The Taipei District Prosecutors’ Office yesterday summoned 14 people for questioning amid a probe into alleged securities fraud at Pharmally International Holding Co, while an international warrant was issued for Pharmally chairman Tony Huang (黃文烈), who reportedly is in Singapore.
Huang allegedly colluded with Chinese businessmen to falsify accounts and financial statements in one of the largest securities fraud cases in recent years involving a Taiwan Stock Exchange (TWSE)-listed firm.
People with shares of Pharmally, which touted itself as a leading pharmaceutical and biotech business, face an estimated NT$1.5 billion (US$50.81 million) in losses with its stock value in tatters.
Prosecutors said that Huang illegally transferred NT$700 million into his personal bank accounts.
Four banks — Entie Commercial Bank, Far Eastern International Bank, Hua Nan Bank and Bank SinoPac — face non-performing loans after lending to Pharmally, investigators said.
A group of three businesspeople, headed by Tsai Shui-ping (蔡水濱), who are involved in real estate and construction in central Taiwan invested heavily in Pharmally face combined losses of NT$2.2 billion, investigators said.
Huang and other Pharmally executives who have left Taiwan face charges for alleged contraventions of the Securities and Exchange Act (證券交易法), stock manipulation, fraud in financial statements and illicit transfers of company assets, prosecutors said.
An international warrant for Huang is valid for 37 years, they said.
Huang has reportedly not been seen in Taiwan since early this month.
Prosecutors said that employees of accounting firm Deloitte & Touche Taiwan allegedly colluded for several years with Pharmally executives to forge reports and financial statements.
In the first round of raids on Monday, Shih Ching-pin (施景彬) and Chiang Ming-nan (江明南), two accountants at Deloitte & Touche Taiwan, were questioned.
They were released on NT$300,000 bail.
Pharmally executives including its chief financial officer, general manager and spokesman, as well as members of the board of directors announced their resignations after the allegations were reported last week, with reports listing most of them as Chinese nationals.
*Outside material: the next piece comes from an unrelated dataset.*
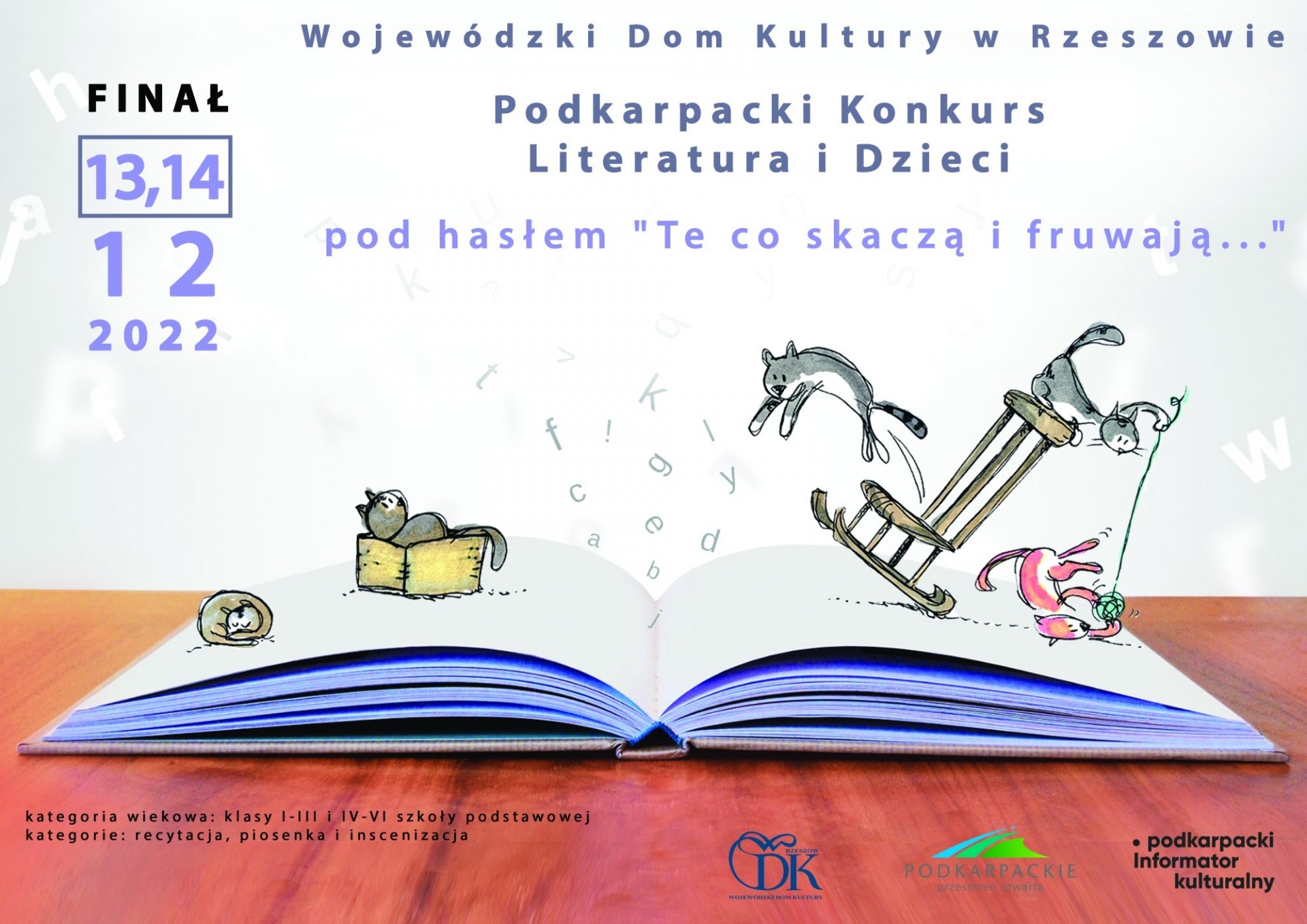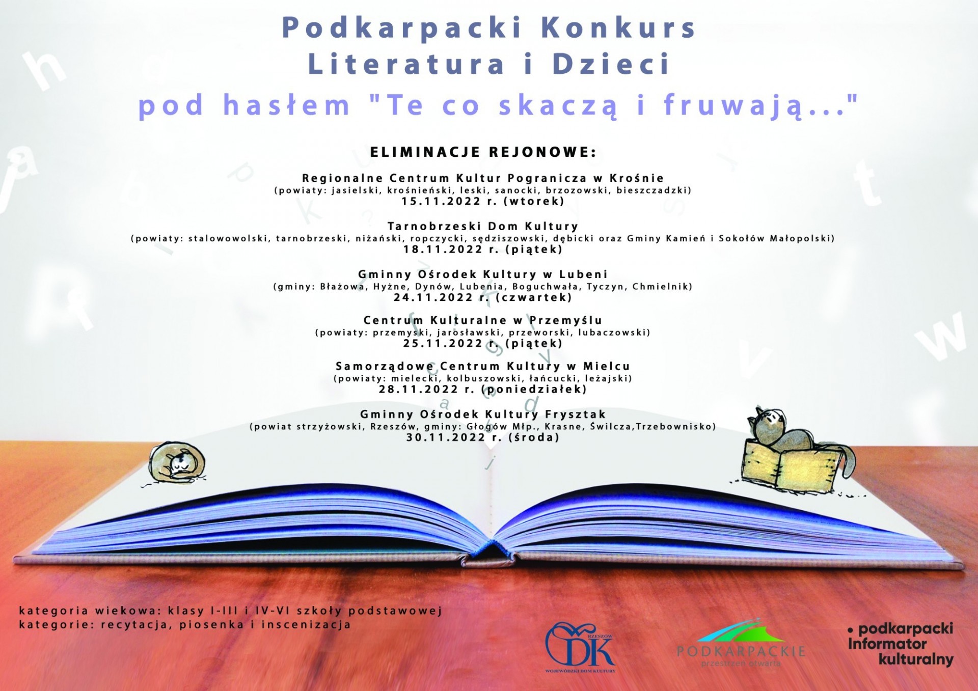 Wojewódzki Dom Kultury w Rzeszowie powraca z konkursem „Literatura i dzieci”. Mogą wziąć w nim udział uczniowie szkół podstawowych z klas 1 – 6. Konkurs będzie rozgrywany w dwóch grupach wiekowych: klasy 1 – 3 i 4 – 6 oraz w kategoriach: recytacja, piosenka i inscenizacja. Tegoroczny temat brzmi: „Te co skaczą i fruwają...".

The TWSE on Tuesday suspended trading on Pharmally shares.
Pharmally has production sites in China’s Anhui Province and offices in several Chinese cities.
The firm’s Web site says that its founding Chaoyang Chemical Plant in China in 1997 was restructured as Anhui Chaoyang Pharmaceutical Co.
Huang bought Anhui Chaoyang and set up Pharmally in China in 2013 and gained approval to list on the TWSE in March 2015, the Web site says.
Pharmally in 2016 set up Pharmbac Biological Holding in Singapore and the same year was registered in the Cayman Islands, while in 2017 it established a joint venture with PT Biotis Agrisindo to conduct animal vaccine research and production in Indonesia, the site says.